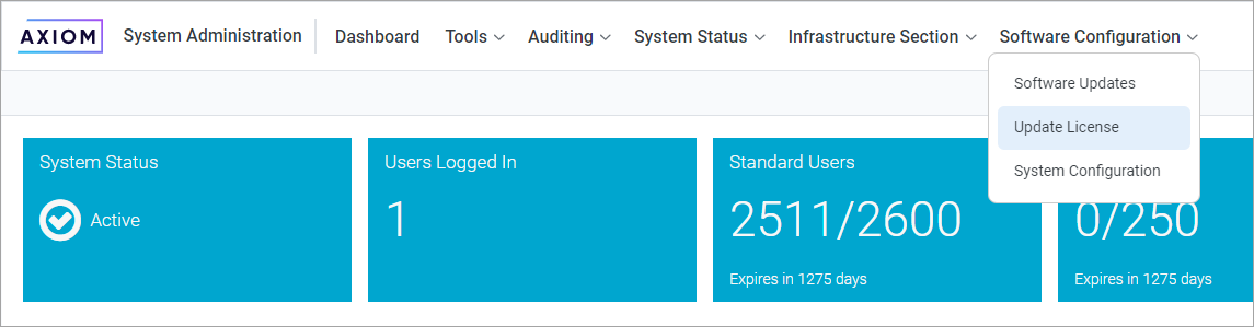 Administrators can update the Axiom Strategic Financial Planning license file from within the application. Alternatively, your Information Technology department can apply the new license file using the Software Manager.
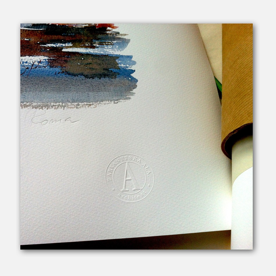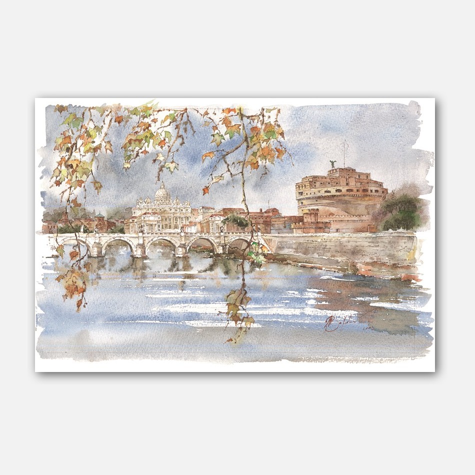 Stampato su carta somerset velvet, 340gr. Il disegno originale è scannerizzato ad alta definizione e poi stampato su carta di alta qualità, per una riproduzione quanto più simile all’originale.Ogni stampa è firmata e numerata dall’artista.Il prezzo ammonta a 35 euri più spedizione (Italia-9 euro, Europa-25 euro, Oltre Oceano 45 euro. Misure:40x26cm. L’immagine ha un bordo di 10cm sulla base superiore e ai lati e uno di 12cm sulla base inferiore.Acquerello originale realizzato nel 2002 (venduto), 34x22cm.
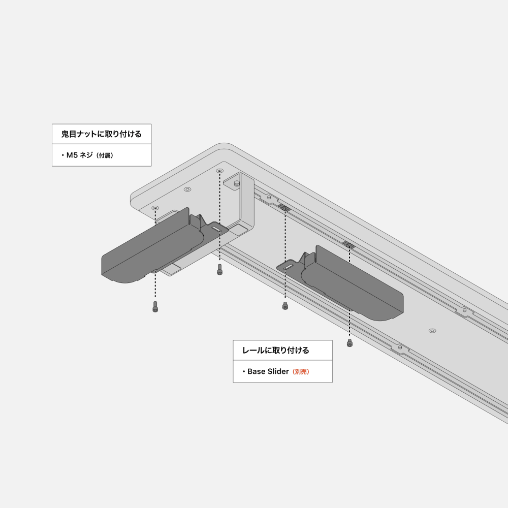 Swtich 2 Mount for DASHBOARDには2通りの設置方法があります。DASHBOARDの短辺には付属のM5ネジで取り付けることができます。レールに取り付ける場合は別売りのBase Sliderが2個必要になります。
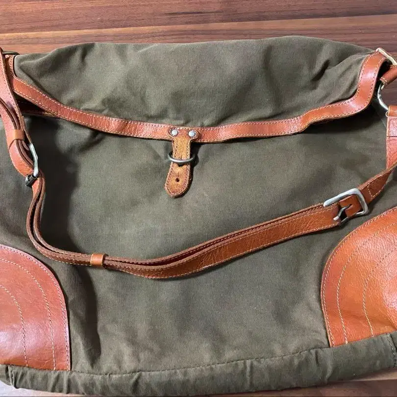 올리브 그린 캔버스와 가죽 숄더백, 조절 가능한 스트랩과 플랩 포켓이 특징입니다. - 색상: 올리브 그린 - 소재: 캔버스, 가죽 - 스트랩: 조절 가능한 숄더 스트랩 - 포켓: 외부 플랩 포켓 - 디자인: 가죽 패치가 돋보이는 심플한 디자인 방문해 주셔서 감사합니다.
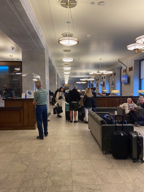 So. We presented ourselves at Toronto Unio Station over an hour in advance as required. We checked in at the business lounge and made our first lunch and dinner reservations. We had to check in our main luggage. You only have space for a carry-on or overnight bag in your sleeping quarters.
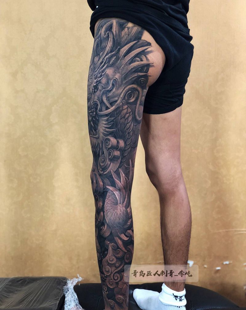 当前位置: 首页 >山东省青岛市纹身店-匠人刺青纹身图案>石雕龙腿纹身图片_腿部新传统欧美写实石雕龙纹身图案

Work item
Without the pictures, repeat the line with "So. We presented" and every line after it to the end of the listing, and nothing else.

Task response
 So. We presented ourselves at Toronto Unio Station over an hour in advance as required. We checked in at the business lounge and made our first lunch and dinner reservations. We had to check in our main luggage. You only have space for a carry-on or overnight bag in your sleeping quarters.
 当前位置: 首页 >山东省青岛市纹身店-匠人刺青纹身图案>石雕龙腿纹身图片_腿部新传统欧美写实石雕龙纹身图案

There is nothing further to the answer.